• _EXERCISE GOAL_
Return only the lines from the top of the data down to the one that holds "Щит предназначен для", both included, without any pictures.

EXTRACTED MATERIAL Block Start

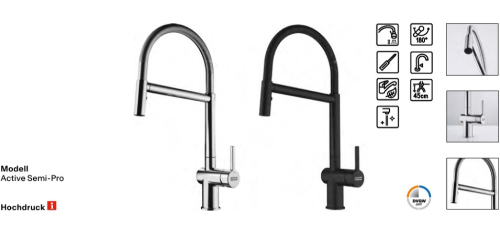 Einhebelmischer mit Pendelbrause Hochdruck mit flexibler Schlauchbrause und Magnethalterung Oberfläche: Chrom
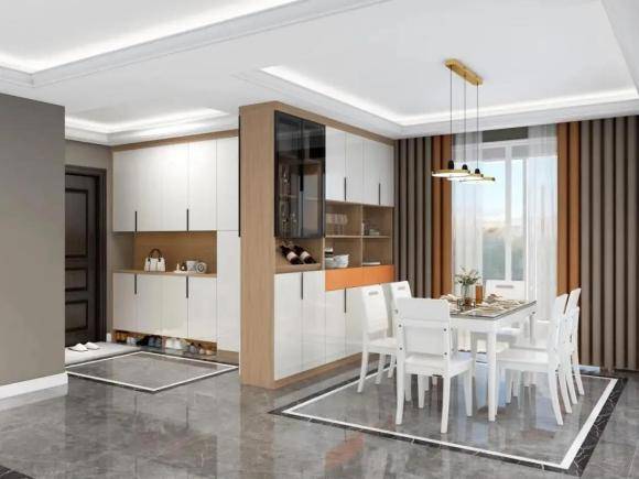 如果对空间收纳有极大需求的话,将储物柜从玄关一直延伸至客厅也是不错的哦,大大提升了空间收纳力。 17
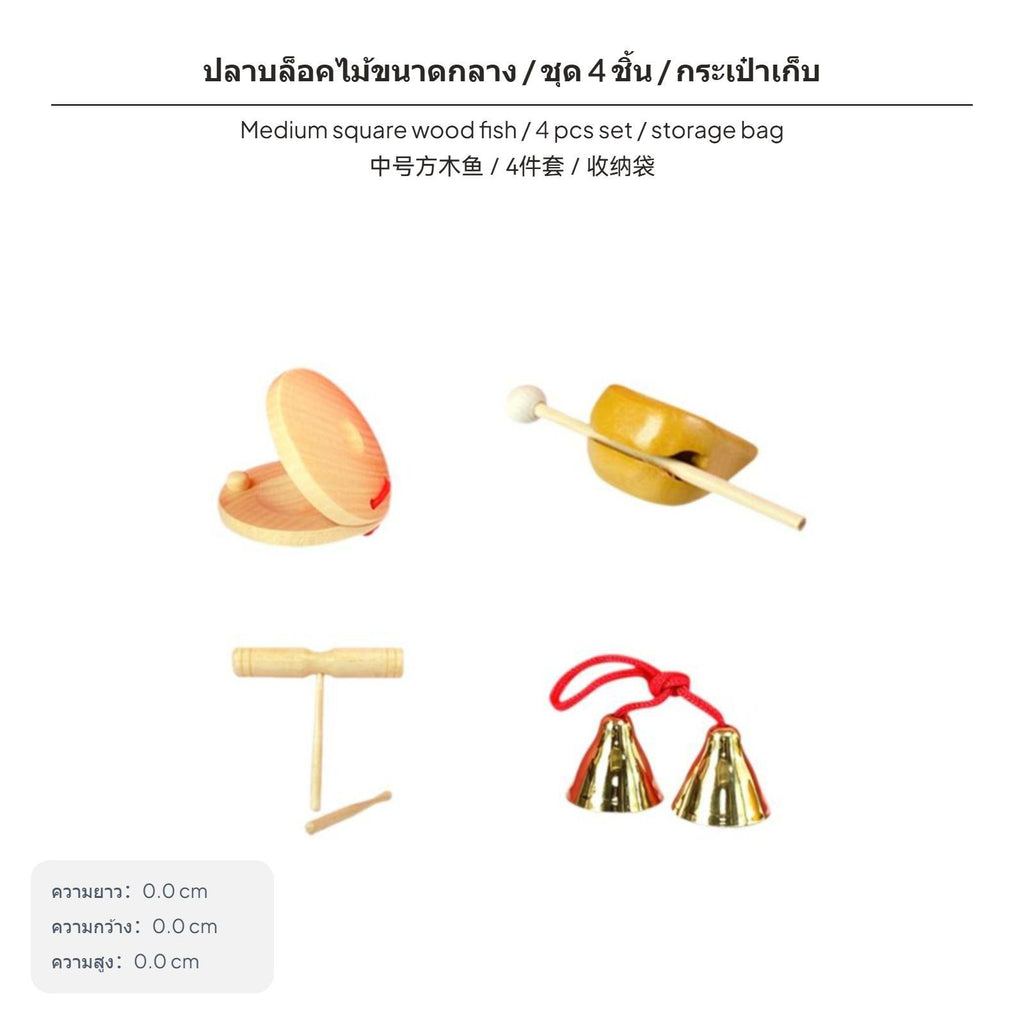 4-Piece Orff Wooden Percussion Set, wooden rhythm block, Mallet, Kids Music Toy Square Fish Set M
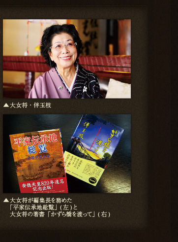伴久の24代大女将は全国平家会の終身名誉会長など、平家にまつわる様々な活動を務めさせていただいております。
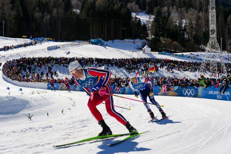Johannes Hoesflot Klaebo, of Norway, and Gus Schumacher, of the United States, right, compete in the cross-country skiing men's team sprint free at the 2026 Winter Olympics, in Tesero, Italy, Wednesday, Feb. 18, 2026. AP
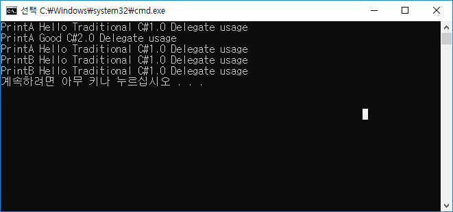 C# 전문가가 아니다보니 그동안 전통적 방식의 델리게이트만 썼는데, 2.0부터 간소화되었군..
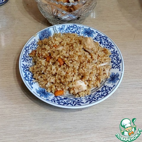 Рассыпчатая пшеничная каша с мясом и овощами - отличный сытный ужин. Если не сильно увлекаться специями, то можно и деткам. Приятного аппетита!
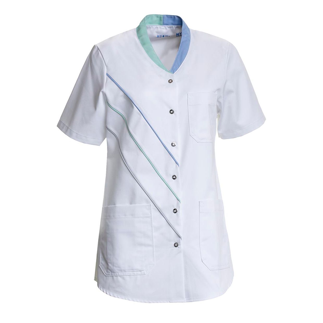 Nybo Workwear A/S presenterer en elegant og funksjonell dametunika, perfekt for profesjonelle i helsevesenet. Tunikaen, som fås i fargene hvit/lysegrønn/lyseblå samt hvit/oransje/rød og hvit/rød/grå, er laget i en kvalitetsmateriale-blanding av 50% polyester og 50% bomull med en vekt på 215 g/m².
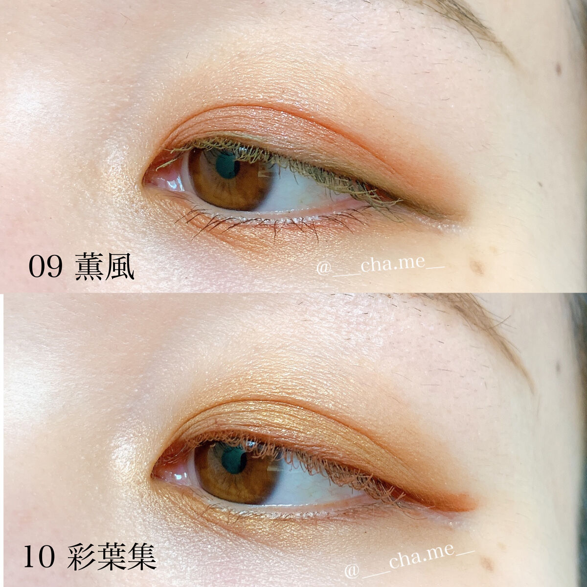 SUQQUシグニチャーカラーアイズ09薫風-KAORIKAZE-秋にピッタリなカーキパレットでカーキメイク🍁🍂カーキカラーをメインでメイクしたので暗めな仕上がり。上から左下のもみじカラーを付けて、ニュアンスチェンジ✨#秋メイク#シグニチャーカ...
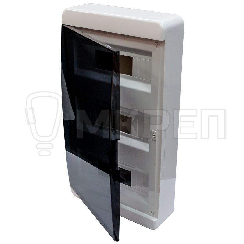 Щит предназначен для настенного монтажа в помещениях разного назначения и используется для установки модульных устройств на DIN-рейку.
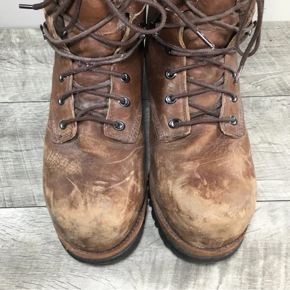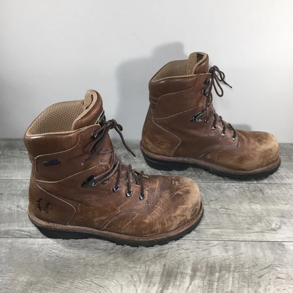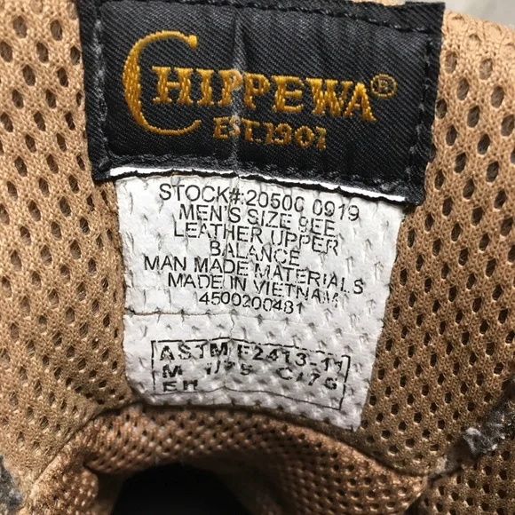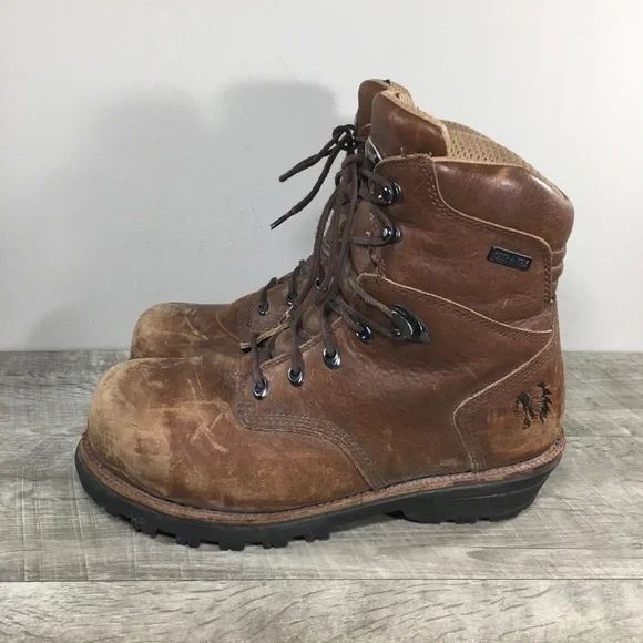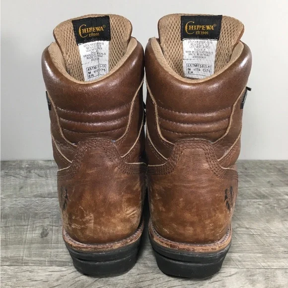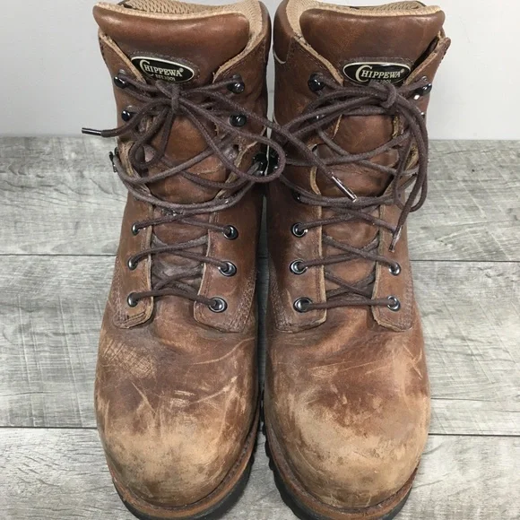 Up for sale is a good condition pair of Chippewa Men’s 20500 Waterproof Leather Work Composite Safety Toe Boots. Size 9 EE, Extra Wide. Leather uppers. Rubber soles. Clean inside and out. Very well built and sturdy. Approximate Outside Dimensions: 11.75 inches heel to toe by 4.5 inches across the ball of footwear by 2 inches tall heels by 8.75 inches tall.

EXTRACTED MATERIAL Block End

• _EXERCISE SOLUTION_
 Einhebelmischer mit Pendelbrause Hochdruck mit flexibler Schlauchbrause und Magnethalterung Oberfläche: Chrom
 如果对空间收纳有极大需求的话,将储物柜从玄关一直延伸至客厅也是不错的哦,大大提升了空间收纳力。 17
 4-Piece Orff Wooden Percussion Set, wooden rhythm block, Mallet, Kids Music Toy Square Fish Set M
伴久の24代大女将は全国平家会の終身名誉会長など、平家にまつわる様々な活動を務めさせていただいております。
Johannes Hoesflot Klaebo, of Norway, and Gus Schumacher, of the United States, right, compete in the cross-country skiing men's team sprint free at the 2026 Winter Olympics, in Tesero, Italy, Wednesday, Feb. 18, 2026. AP
 C# 전문가가 아니다보니 그동안 전통적 방식의 델리게이트만 썼는데, 2.0부터 간소화되었군..
 Рассыпчатая пшеничная каша с мясом и овощами - отличный сытный ужин. Если не сильно увлекаться специями, то можно и деткам. Приятного аппетита!
 Nybo Workwear A/S presenterer en elegant og funksjonell dametunika, perfekt for profesjonelle i helsevesenet. Tunikaen, som fås i fargene hvit/lysegrønn/lyseblå samt hvit/oransje/rød og hvit/rød/grå, er laget i en kvalitetsmateriale-blanding av 50% polyester og 50% bomull med en vekt på 215 g/m².
 SUQQUシグニチャーカラーアイズ09薫風-KAORIKAZE-秋にピッタリなカーキパレットでカーキメイク🍁🍂カーキカラーをメインでメイクしたので暗めな仕上がり。上から左下のもみじカラーを付けて、ニュアンスチェンジ✨#秋メイク#シグニチャーカ...
 Щит предназначен для настенного монтажа в помещениях разного назначения и используется для установки модульных устройств на DIN-рейку.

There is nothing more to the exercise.